Maxwell

Ghislaine Maxwell’s defense lays blame on Epstein and questions the memories of her accusers.

 

Credit…Stephanie Keith for The New York Times

A lawyer for Ghislaine Maxwell told the jury at her sex-trafficking trial that her client was “an innocent woman, wrongfully accused of crimes she did not commit,” and said the government’s case against her was based on “erroneous memories” that prosecutors accepted at face value.

The lawyer, Laura Menninger, began her closing arguments just before noon Monday with a shot across the bow at the prosecutors, who she said cherry-picked evidence to make their case, and at the women who testified against Ms. Maxwell at trial.

When the government began looking at Ms. Maxwell, Ms. Menninger said, “suddenly the women recovered memories, years later — they recovered memories that Ghislaine was there.”

She said women had come in to speak with the F.B.I. accompanied by personal injury lawyers. “Jeffrey Epstein died, and then everyone lawyered up,” Ms. Menninger said.

Ms. Menninger acknowledged that the government had “certainly proved” that Epstein was a “master manipulator” who abused his wealth and privilege. But, she said, “we are not here to defend Jeffrey Epstein.”

“You need to keep your eye on the thing that the government hasn’t — how these stories have changed dramatically over time,” Ms. Menninger told the jury. She turned to records of the victims’ interviews with federal investigators, which she said at first focused solely on Jeffrey Epstein and evolved with time to focus on Ms. Maxwell, at the urging, she said, of the government.

None of those dozens of meetings were electronically recorded by the authorities, Ms. Menninger said. “That was by design, so that none of us had a transcript of what took place in these interviews with the F.B.I.,” Ms. Menninger said.

“The tough questions weren’t asked by the government, so they had to be asked by us,” Ms. Menninger said.

Accusing the prosecution of engaging in “an old gimmick” by presenting testimony from an expert on grooming, Ms. Menninger argued that prosecutors had presented a threadbare case that depicted Ms. Maxwell as a cartoonish caricature.

“She’s Cruella de Vil and the Devil Wears Prada all wrapped up into one,” Ms. Menninger said.
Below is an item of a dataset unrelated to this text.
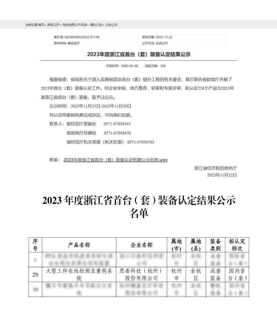思看科技“大型工件在线检测及重构系统”被认定为首台(套)装备。首台(套)装备认定由浙江省经济和信息化厅联合省财政厅开展,是指经过创新,其品种、规格或技术参数等有重大突破,具有知识产权的首台套或首批次的装备产品,包括成套设备、整机设备及核心部件、控制系统、基础材料、软件系统等。

She told jurors that the prosecutors had failed to present certain witnesses, including family members of the four women who testified that Mr. Epstein had sexually abused them with help from Ms. Maxwell. She also noted the government had not called multiple employees of Mr. Epstein who might have testified to a “culture of silence” around his misdeeds.

One employee, Juan Alessi, did testify that he believed he was expected to keep quiet about what went on inside Mr. Epstein’s Palm Beach home, where much of the abuse was said to have taken place. But Ms. Menninger dismissed his testimony as coming from a disgruntled ex-employee with an ax to grind.

“There was no culture of silence,” Ms. Menninger said. “You just got the sound of silence.”

Ms. Menninger also hinted that the government was withholding important information while referring to a handful of snapshots that prosecutors had entered into evidence as an attempt to show a longstanding and close relationship between Ms. Maxwell and Mr. Epstein.

Ms. Menninger called those images “innocuous” pictures of “a couple that was together” and wondered aloud what may have been depicted in thousands of other photographs obtained during a search of Mr. Epstein’s property.